It was open to the Magistrate to find that the appellant intentionally caused the dog harm in the form of damage, pain, suffering, distress or unconsciousness. One of these categories would have been sufficient, but the evidence was such as to establish ill treatment under each category.
As Mr Tremaine points out, in order to establish an offence under s 13(1) it is necessary to prove that the ill treatment caused the death of the animal. The evidence clearly established that the appellant caused damage to the dog which comes within the definition of “harm” as defined in s 3 of the Act. The damage, in turn, caused blood loss which resulted in death. When to this is added the evidence that the appellant acted intentionally and the harm caused was unnecessary, all elements of the offence are established.

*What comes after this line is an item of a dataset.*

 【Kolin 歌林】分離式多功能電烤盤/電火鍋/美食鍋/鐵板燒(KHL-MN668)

In my view the conviction was not unsafe or unsatisfactory as alleged. I reject the arguments that the conviction cannot be supported having regard to the evidence and that the trial was unfair.

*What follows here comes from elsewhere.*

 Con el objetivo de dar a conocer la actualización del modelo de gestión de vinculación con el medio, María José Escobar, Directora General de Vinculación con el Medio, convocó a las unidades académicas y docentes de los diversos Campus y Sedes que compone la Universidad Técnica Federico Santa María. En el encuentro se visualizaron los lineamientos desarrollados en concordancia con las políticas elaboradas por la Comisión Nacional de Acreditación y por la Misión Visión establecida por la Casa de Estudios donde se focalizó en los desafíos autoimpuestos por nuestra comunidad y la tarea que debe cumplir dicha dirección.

The appeal against conviction is dismissed.
Appeal against sentence
The appellant was sentenced to imprisonment for five months. The Magistrate declined to suspend the sentence.
The appellant was 46 years of age at the time of the offence. He is in receipt of a disability support pension and has a history of alcohol abuse. He told the RSPCA inspectors he was affected by alcohol at the time of the offence. He has a number of convictions which were incurred from 1981 until 2003. They include two convictions for assault occasioning actual bodily harm recorded in 1985 and 2003. Mr Tremaine has drawn attention to the fact that the appellant has no convictions for animal cruelty.
The offence constituted a serious breach of the Act. The dog was killed in a cruel manner while the appellant was in a fit of anger and motivated by spite following a dispute with his girlfriend.
The Act was amended on 4 October 2008. Under the previous legislation the maximum penalty for an offence of this nature was a fine of $10,000 or imprisonment for one year. The amendment created a new offence of aggravated ill treatment of an animal, the elements of which are set out in s 13(1). The maximum period of imprisonment provided for under this section is imprisonment for four years.
The Magistrate’s sentencing remarks do not disclose any error. The sentence of imprisonment was well within the Court’s discretion and the circumstances do not justify its suspension.
The appeal against sentence will be dismissed.